[Records to use — start]

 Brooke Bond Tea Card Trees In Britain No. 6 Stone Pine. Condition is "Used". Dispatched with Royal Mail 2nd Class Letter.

[Records to use — finish]
[Records to use — start]

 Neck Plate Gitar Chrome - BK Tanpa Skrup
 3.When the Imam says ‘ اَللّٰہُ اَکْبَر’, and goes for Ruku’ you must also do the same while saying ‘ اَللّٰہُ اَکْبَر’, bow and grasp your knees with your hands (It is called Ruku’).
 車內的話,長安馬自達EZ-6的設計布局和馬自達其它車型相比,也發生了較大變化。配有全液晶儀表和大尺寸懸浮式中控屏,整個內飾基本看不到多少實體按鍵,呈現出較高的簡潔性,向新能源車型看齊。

[Records to use — finish]
[Records to use — start]

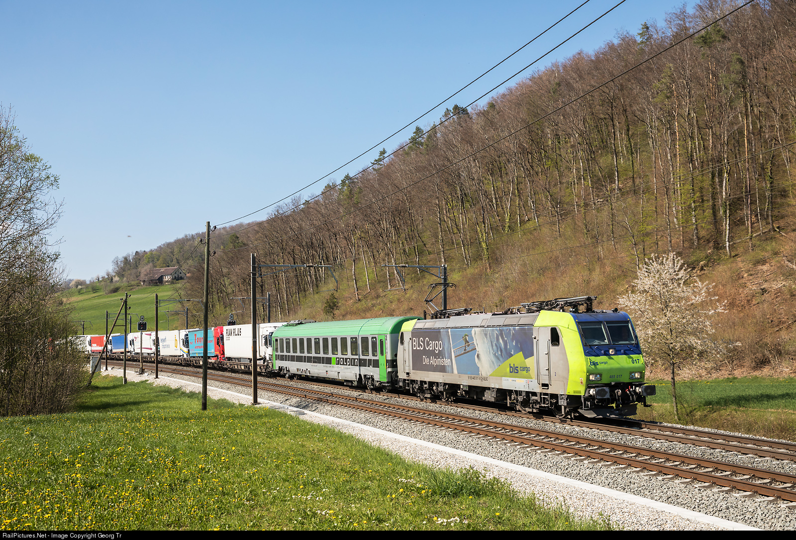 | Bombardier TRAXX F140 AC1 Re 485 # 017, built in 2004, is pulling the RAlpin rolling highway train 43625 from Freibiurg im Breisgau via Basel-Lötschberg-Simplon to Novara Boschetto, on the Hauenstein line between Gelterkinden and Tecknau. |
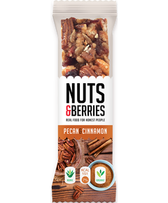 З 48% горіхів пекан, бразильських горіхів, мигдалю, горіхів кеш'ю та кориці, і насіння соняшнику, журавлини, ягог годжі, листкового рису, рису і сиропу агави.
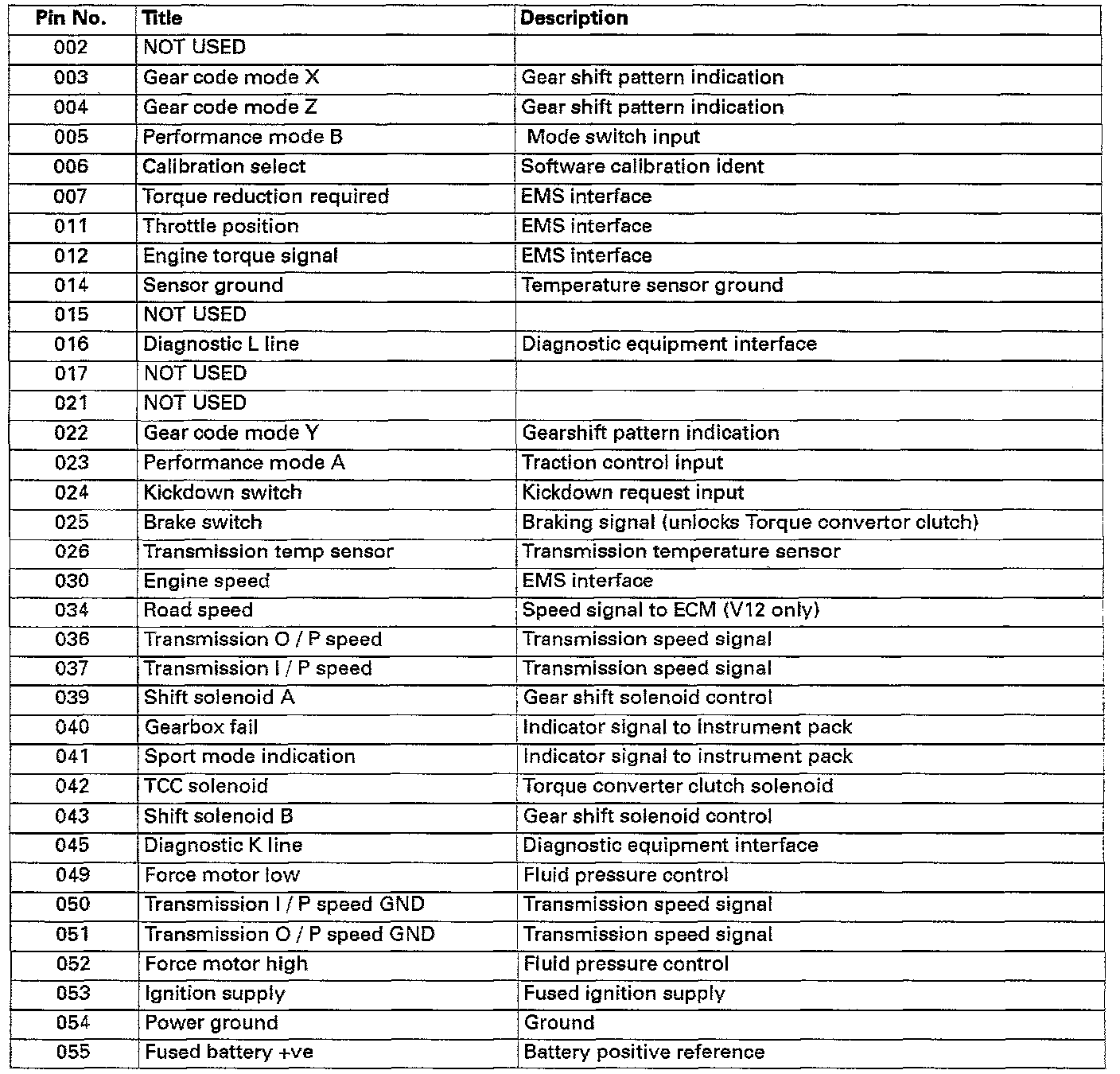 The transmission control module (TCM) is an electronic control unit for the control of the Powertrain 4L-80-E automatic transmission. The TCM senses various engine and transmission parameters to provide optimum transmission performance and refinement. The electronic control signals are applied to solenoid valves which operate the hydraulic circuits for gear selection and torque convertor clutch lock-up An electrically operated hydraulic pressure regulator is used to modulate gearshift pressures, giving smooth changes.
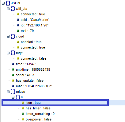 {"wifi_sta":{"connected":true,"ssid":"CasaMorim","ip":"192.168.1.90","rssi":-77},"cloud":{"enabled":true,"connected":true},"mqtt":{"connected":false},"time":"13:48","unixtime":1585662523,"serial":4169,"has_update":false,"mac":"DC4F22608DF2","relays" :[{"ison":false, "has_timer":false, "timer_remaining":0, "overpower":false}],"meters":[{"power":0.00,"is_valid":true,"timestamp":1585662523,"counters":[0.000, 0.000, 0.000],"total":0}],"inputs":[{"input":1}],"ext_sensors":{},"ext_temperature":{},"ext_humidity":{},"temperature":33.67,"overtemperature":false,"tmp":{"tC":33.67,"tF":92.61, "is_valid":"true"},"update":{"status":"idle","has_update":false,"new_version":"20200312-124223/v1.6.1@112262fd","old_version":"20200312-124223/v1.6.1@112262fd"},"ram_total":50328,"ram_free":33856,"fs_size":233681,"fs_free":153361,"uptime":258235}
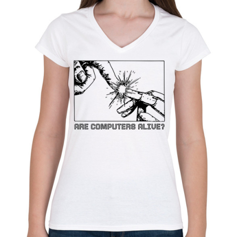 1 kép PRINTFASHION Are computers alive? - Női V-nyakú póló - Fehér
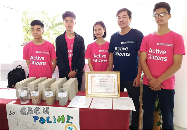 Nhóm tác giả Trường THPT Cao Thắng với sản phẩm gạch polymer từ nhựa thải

[Records to use — finish]

** Aim of the task **
In the entries above, find the line holding "3.When the Imam" and the line holding "車內的話,長安馬自達EZ-6"; print both of them and every line between, exactly, and nothing else.

** Solved exercise **
 3.When the Imam says ‘ اَللّٰہُ اَکْبَر’, and goes for Ruku’ you must also do the same while saying ‘ اَللّٰہُ اَکْبَر’, bow and grasp your knees with your hands (It is called Ruku’).
 車內的話,長安馬自達EZ-6的設計布局和馬自達其它車型相比,也發生了較大變化。配有全液晶儀表和大尺寸懸浮式中控屏,整個內飾基本看不到多少實體按鍵,呈現出較高的簡潔性,向新能源車型看齊。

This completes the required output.